John Waters on the Broadway musical:
John Waters, the director of the film on which the musical is based, says "I used to hate musical comedy, but Marc Shaiman and Scott Wittman's score and lyrics for Hairspray have turned me into a real show-tune queen. If I had rhythm, these would be the songs I wish I could write. Listening to the feel-good numbers about rats, flashers, hickies, ratted hair, and checkerboard chicks' turns me into a happy Walt Disney on hallucinogenics, hoping whole busloads of twisted Broadway tourists go to the theater, abandon their diets, and feel sexy about it. Cross-dressing, racial-integration, and overeating have never seemed so wholesome, so American. I think Marc and Scott and the rest of the creative team have turned my weird little movie Hairspray into a jumbo-dream of a musical for outsiders of every persuasion."
John Waters on the 2007 film: "The movie was kind of realistic, and the Broadway play was, hey, let's go to Broadway, and let's be a musical. The musical on stage had to be exaggerated; it was all on one stage!" says Waters, explaining how the new movie has reinvented the musical and the film. "And Michelle Pfeiffer in this movie is the kind of villain I liked as a kid, she was a Disney-movie villain. As a kid I would have been obsessed with her."
Waters on the Waters-iness of the new Hairspray:
"I did talk to (screenwriter) Leslie Dixon and was involved through the whole thing talking to the producers (Craig Zadan and Neil Meron). I was up on the set a couple of times. And Leslie threw in "John Waters" things like the pregnant women smoking and drinking as you walked by there, that was hilarious and completely true then. "

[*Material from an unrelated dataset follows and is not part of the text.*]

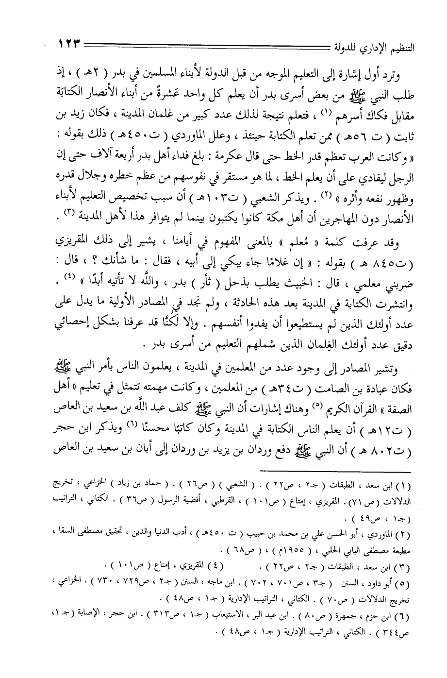 وترد أول إشارة إلى التعليم الموجه من قبل الدولة لأبناء المسلمين في بدر (2 هـ) ، إذ طلب النبي صلّى الله عليه وسلم من بعض أسرى بدر أن يعلم كل واحد عشرة من أبناء الأنصار الكتابة مقابل فكاك أسرهم «1» ، فتعلم نتيجة لذلك عدد كبير من غلمان المدينة، فكان زيد بن ثابت (ت 56 هـ) ممن تعلم الكتابة حينئذ، وعلل الماوردي (ت 450 هـ) ذلك بقوله:

"I always said to [director] Adam Shankman, hey, I told you do whatever you want right out of Hairspray, but there is also a shot in the bathroom, when they go into the bathroom and there are three girls in the bathroom, that's out of Female Trouble, and when John Travolta goes into the dressing room, that's Edith in Polyester. I'm saying there's two shots that really made me laugh. And I mean somebody must have read everything. And that shot of her going to school in a garbage truck? Divine went to the premiere of Female Trouble in a garbage truck. Somebody read that."
John Waters quotes taken from Sun movie critic Michael Sragow's interview with Waters on July 19th, 2007.